Он был кумиром Шведа и мне тогда тоже нравился, я читал “Треугольную грушу” вперемежку со стихами Пастернака и улавливал некое их сходство, не понимая пока, кто кому подражает:

Она со мной. Наигрывай,

Лей, смейся, сумрак рви!

Топи, теки эпиграфом

К такой, как ты, любви!

Глядя на снегопад, покрывающий ипподром, приятно было произносить вслух:

Снег идет. Снег идет,

Словно падают не хлопья,

А в заплатанном салопе

Сходит наземь небосвод.

Или:

Сомкнутые веки.

Выси. Облака.

Воды. Броды. Реки.

Годы и века.

Хотелось сидеть так, ощущая легкий озноб, следить за силуэтами колесниц, ничуть не изменившихся со времен Троянской войны, и думать про “годы и века”.

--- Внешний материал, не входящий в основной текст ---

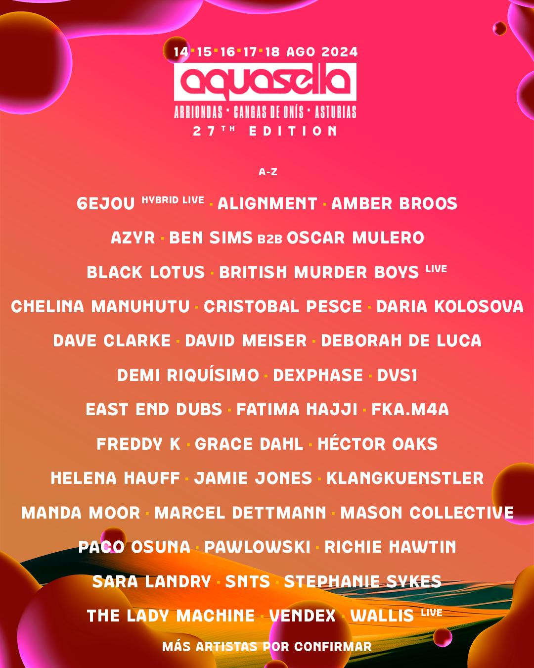 Aquasella se alista para su vigésimo séptima entrega como uno de los eventos más duraderos en el circuito de festivales nacional. Una edición sumamente anticipada después de establecer nuevos registros en la pasada entrega en Agosto de 2023. El festival ha ido sumando nombres destacados tanto a nivel nacional como internacional, conformando un cartel completo con figuras emblemáticas en la historia del evento como Richie Hawtin, Jamie Jones, Marcel Dettman, Paco Osuna, Dave Clarke, Fátima Hajji, Óscar Mulero, Ben Sims o British Murder Boys. Además, incluye cabezas de cartel que harán su debut en el prado en 2024 como Sara Landry, Debora de Luca o The Lady Machine.
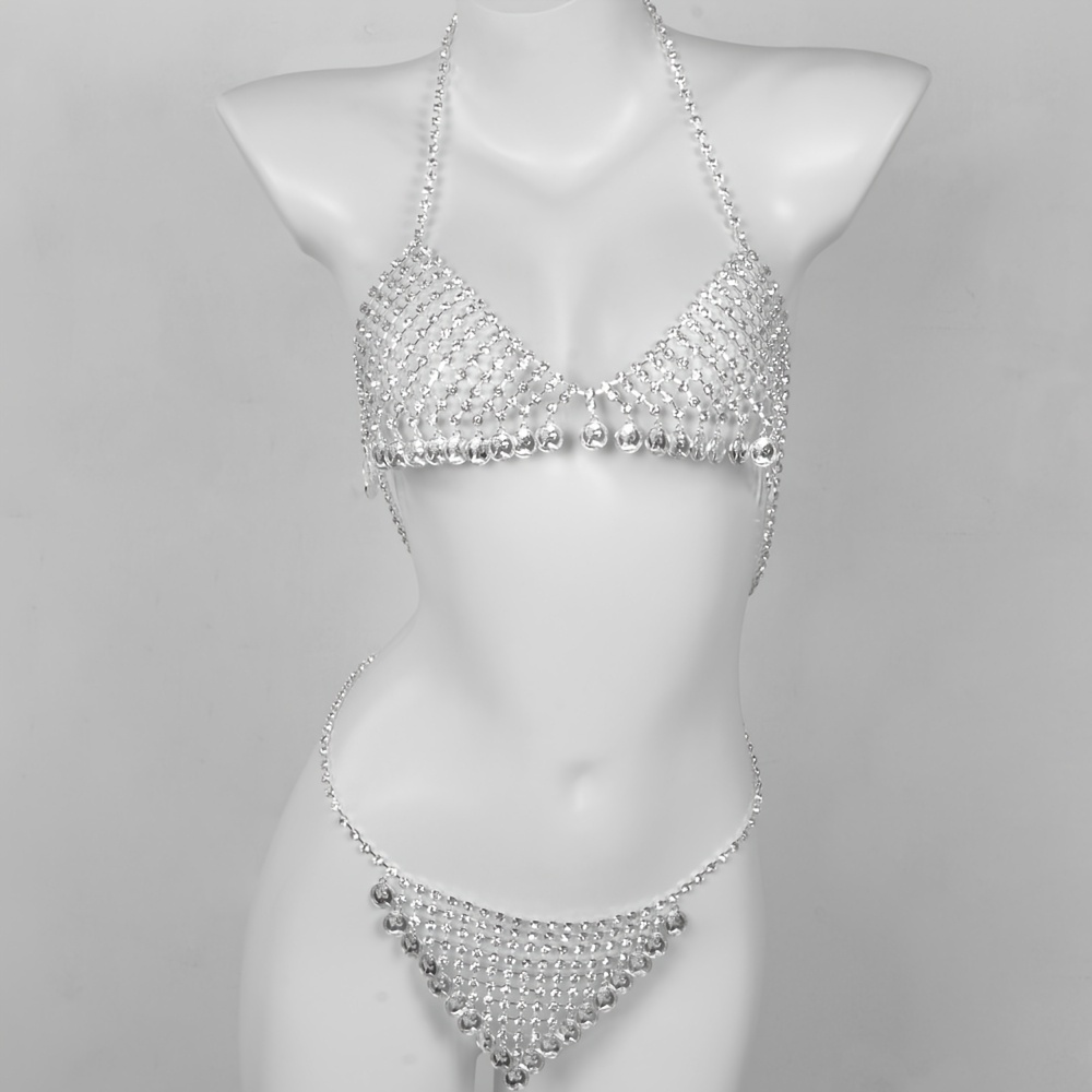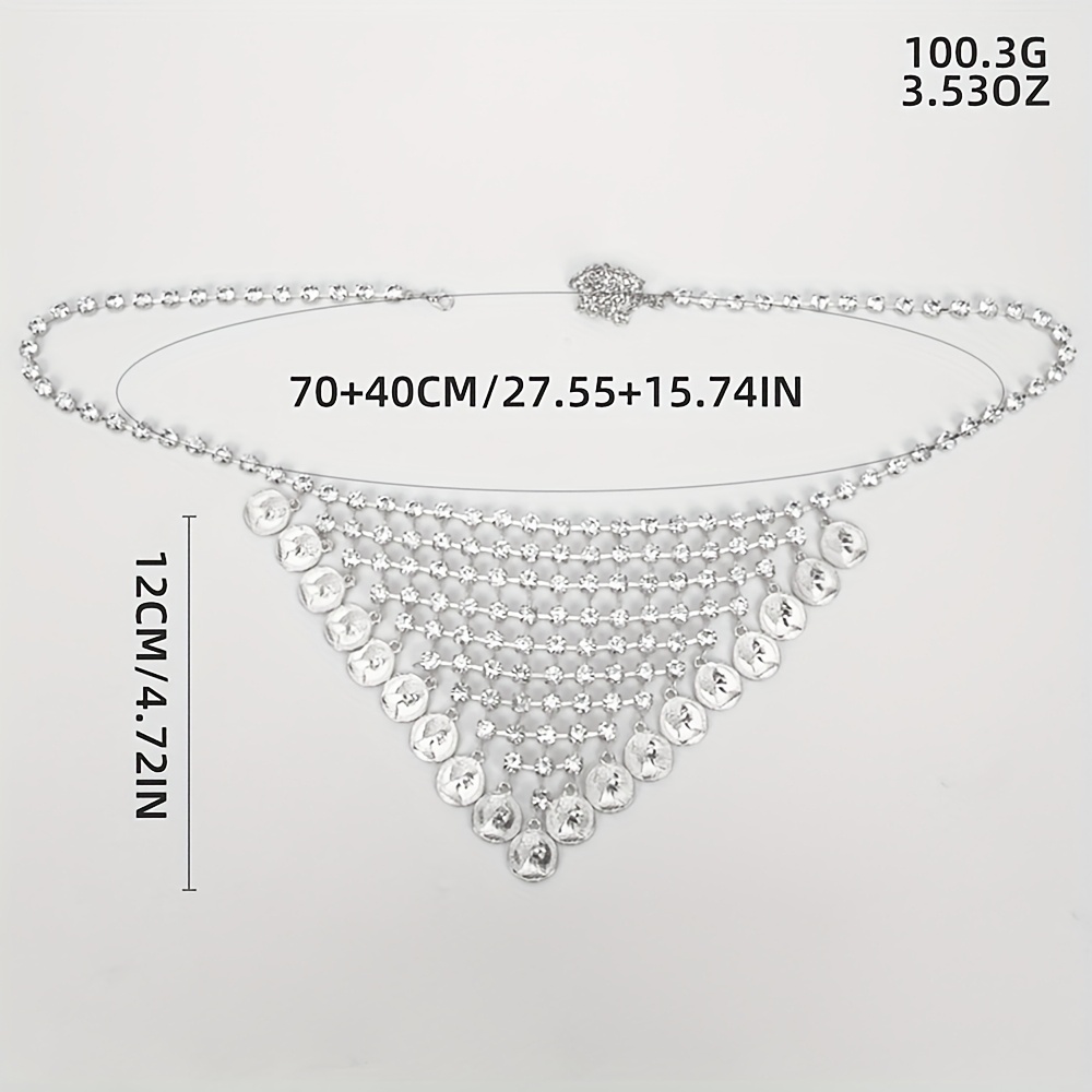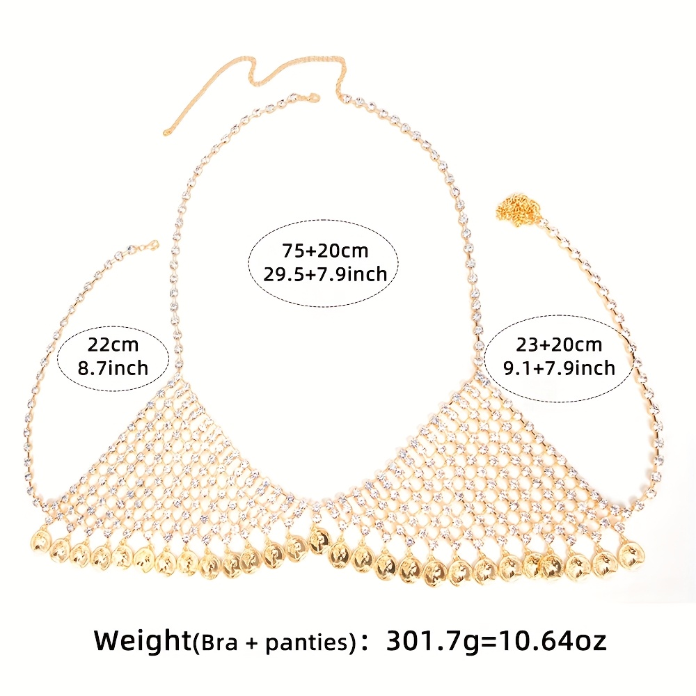 1 Set Bra + Panties Fashion Alloy Full Rhinestone Mesh Women's Bra Body Chain, Round Coin Tassel Pendant Body Chain Suitable for Parties, Music Festivals, Beach Body Accessories

В школе с литературой был полный швах: Маяковский мне не нравился, а Лермонтова я любил, но не так, как требовала наша учительница. Когда мы проходили “Героя нашего времени”, она, вышагивая у доски, объясняла по учебнику: Григорий Печорин – лишний человек. Почему он был лишним, она не говорила. Про единственную его любовь, Веру, ради чести которой Печорин готов был пожертвовать жизнью, говорила вскользь, явно не понимая главной трагедии в жизни героя. Я попытался возражать, сказал, что Печорин и в любви, и в жизни ведет себя как джентльмен, подставляется под пулю на дуэли, дает шанс Грушницкому оправдаться и поступить по совести, но учительница велела не фантазировать. Я замолчал и уставился в окно.

Еще помню, как мы “проходили” пушкинский “Анчар”. Учительница говорила о тяжелой жизни крепостных, о том, что стихотворение содержало скрытые намеки на самодержавие. По ее словам, послать человека на верную гибель ради своей прихоти, как поступил князь со своим рабом, было в те времена нормой. И ничего о самих стихах, от которых мурашки бежали по коже:

Принес – и ослабел и лег

Под сводом шалаша на лыки,

И умер бедный раб у ног

Непобедимого владыки.

А князь тем ядом напитал

Свои послушливые стрелы

И с ними гибель разослал

К соседям в чуждые пределы.

Я мало слушал ее нудные рассуждения, предпочитая резаться с Зуриком в морской бой. Хотя литераторшу нашу мы, скорее, любили, она была недалекая, но хорошая тетка. Однажды она вдруг привела на урок чтеца-декламатора, затурканного и несуразного дядьку в пиджаке и с серой селедкой на шее. Актер замер с высоко поднятой рукой, встав в позу греческой статуи Гармодия-тираноубийцы, и провозгласил: “Маяковский. Стихи о советском паспорте!” Я не выдержал и с воплем: “Ой, простите-простите, мне надо срочно в туалет” – выбежал из класса, чем привел декламатора в смятение. Последнее, что я заметил, – актер опустил руки по швам и бросил на меня убийственный взгляд. В сортире я и провел весь урок, причем очень скоро ко мне присоединились Киска и кто-то третий, уже не помню кто. Мы славно покурили, а потом, на перемене, стояли во фрунт перед училкой, которой особо и сказать-то нам было нечего: съели мальчики что-то несвежее в буфете, бывает, конечно.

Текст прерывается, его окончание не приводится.